Oscar spostò rapidamente più volte lo sguardo da quel ritratto al bambino, con il cuore gonfio di dolore per Joseph, che aveva tante volte visto giocare, cavalcare e ridere nei giardini reali ed adesso erano mesi che non faceva che tossire.

"Somiglia molto a Sua Altezza Imperiale." concluse il colonnello, guardando la regina con tenerezza quasi materna.

Antoinette cominciò a tremare.

"Io me ne rallegravo quando è nato, Oscar... sarà il Re che salverà la Francia, mi dicevo... ed a ogni anno che passava trovavo nuove somiglianze con mio fratello: gli zigomi alti, la passione per la caccia... finché un anno la nuova somiglianza non è stata la tisi congenita. Ma mio fratello ha quarantotto anni, mentre questo bambino innocente non ne ha che otto..."

Forse Dio voleva punirla. L'Essere che era l'Ordine, l'Armonia, la Perfezione non poteva tollerare la sua condotta empia. Ma non riusciva a credere che Dio fosse così malvagio da volerla punire attraverso il suo Joseph, quella creaturina che aveva amato con un amore tutto particolare dal primo momento in cui l'aveva vista.

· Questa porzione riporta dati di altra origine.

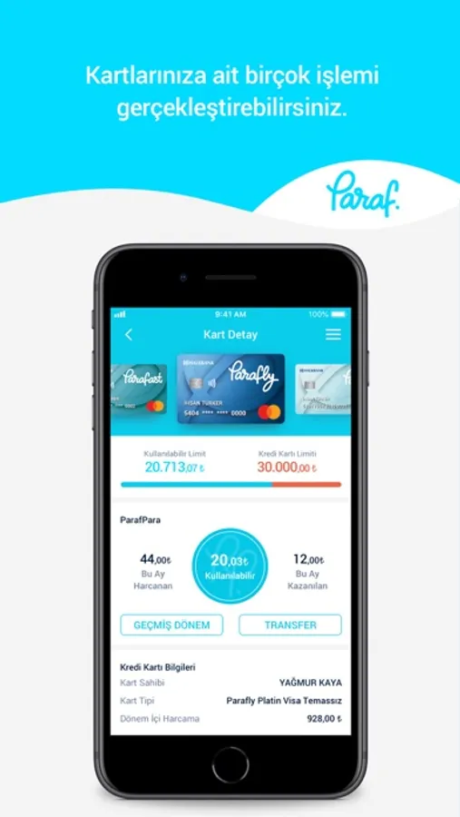 • Kredi kartı borç ödeme, limit artırım, işlem taksitlendirme yapabilir, ParafPara transfer işlemlerinizi gerçekleştirebilirsiniz.

I suoi primi passi, la sua prima parola: "maman" erano stati momenti di gioia divina, di speranza, e aveva creduto allora nel perdono di Dio.

"Maestà, una lettera dall'Austria." la avvertì una voce alle sue spalle. Era uno di quei tanti, indistinguibili lacchè con la divisa gigliata che affollavano Versailles, ma l'interesse di Antoinette ne fu catturato perché costui porgeva una lettera con il sigillo degli Asburgo, che nei giorni felici a Vienna era stato anche il suo.

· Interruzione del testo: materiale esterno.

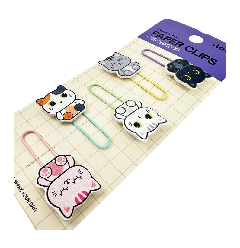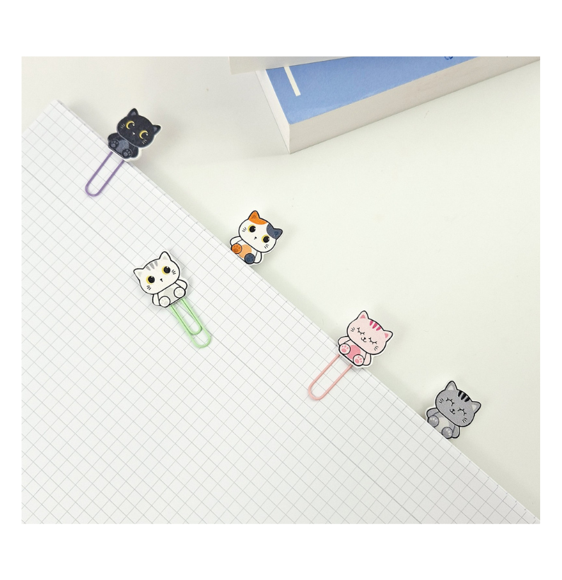 - 5 clipes de papel com figuras de gatos

" Antoinette, mia sorella diletta, tu sei l'unica donna che mi abbia mai capito interamente, ma non mi hai ascoltato mai. Non si può andare avanti così: se non la previeni, l'insurrezione del tuo popolo sarà terribile, ed io non ti potrò più aiutare. Il medico dice che mi rimangono sei mesi, ma il mio corpo stanco sussurra maligno: non più di tre! Io voglio dire addio alla sorella che, appena pochi giorni dopo la sua nascita, ho tenuto in braccio davanti al fonte battesimale, quando ho capito che tra noi ci sarebbe stato un legame speciale. Obbediscimi in quello che ti chiedo ora, fai richiamare Necker, docile come la bambina che sedeva a teatro nel mio palco, seria e compunta per la sua dignità di Delfina. Esaudisci l'ultimo desiderio di tuo fratello che muore, e che purtroppo non ti rivedrà mai più.

Tuo per sempre,

Josef"

Antoinette si mise a tremare ancora più intensamente, con uno sguardo che sembrava quello di un condannato a morte.

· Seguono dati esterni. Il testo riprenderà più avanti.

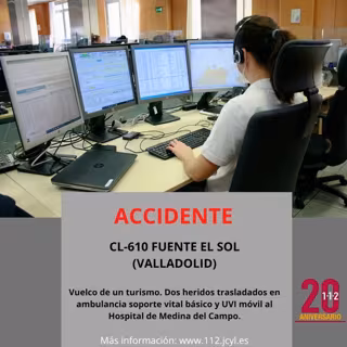 Este accidente ha ocurrido esta noche cuando a las 21.48 horas del martes, 21 de febrero, se informó al 112 del vuelco de un turismo en el kilómetro 64 de la CL-610, en Fuente el Sol, donde, según los alertantes, dos personas habían resultado heridas y se encontraban atrapadas en el interior del vehículo.

"Maestà, maestà!" invocò Oscar, senza ricevere risposta.

Antoinette gemeva di dolore guardando quel letto con i cuscini macchiati di sangue color cremisi, stringendo con forza tra le mani quella lettera macchiata di sangue più scuro, perché ormai seccatosi. Poi cadde, mentre Oscar prontamente la afferrava prima che si schiantasse al suolo e chiamava a gran voce il dottore reale.

Il piccolo Joseph, svegliatosi per i suoi gemiti e le grida di Oscar, la guardava con l'aria spaurita di chi sta per essere ghermito dalla morte; Oscar la guardava spaventata come mai prima d'ora; la folla di parassiti fuori dalla stanza la guardava con disprezzo; l'Imperatore Joseph, il suo caro fratello, dal quadro guardava invece verso Est, indicandole l'Austria felice della sua infanzia, a cui Antoinette per un attimo pensò che sarebbe tornata, come ricompensa di Dio per il suo così straziante dolore.

È la fine, pensò. E invece era solo l'inizio.